In a world where the use of chemical weapons is supposed to be prohibited, finding out when and where they have been deployed is important. But that is not as easy as it sounds. Though nerve agents hang around long enough to be formidable weapons, they degrade in the presence of moisture into chemicals called alkyl methylphosphonic acids. These are reliable signals something bad has happened but they, in turn, break down into simple molecules that leave no clear signature of the original poison.
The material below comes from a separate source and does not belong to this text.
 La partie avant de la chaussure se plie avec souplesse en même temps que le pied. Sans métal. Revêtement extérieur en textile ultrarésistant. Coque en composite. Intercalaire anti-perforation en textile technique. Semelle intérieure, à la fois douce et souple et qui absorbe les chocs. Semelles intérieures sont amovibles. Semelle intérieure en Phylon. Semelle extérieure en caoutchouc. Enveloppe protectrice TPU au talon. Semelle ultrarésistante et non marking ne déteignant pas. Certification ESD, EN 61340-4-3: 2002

The result is that, within a month or two of an attack, concentrations of alkyl methylphosphonic acids left in the soil are too low for gas chromatography—the tool normally used to search for traces of nerve gas—to detect. What is needed is a way to concentrate the chemical signal. And a group of researchers from the University of Central Lancashire, in Britain, and the country’s Defence Science and Technology Laboratory, led by Matthew Baker, think they have one: the humble white mustard plant.

White mustard (named after the colour of its seeds, not its flowers) grows rapidly in many sorts of soils. That makes it suitable for deployment all over the world. The researchers’ crucial discovery, though, was that if the soil in which it is growing contains a nerve agent (they used VX) the plant will absorb it, metabolise it into alkyl methylphosphonic acids, and store those acids in its tissue. It will do so even when the agent’s level in the soil is too low for chromatography to detect the poison directly. The plant’s constant extraction of chemicals from the soil means the acids build up in it to a point where detection is possible. Regardless of soil type, Dr Baker found, evidence for the presence of VX could be extracted from plants at least 45 days after application. Bad guys beware.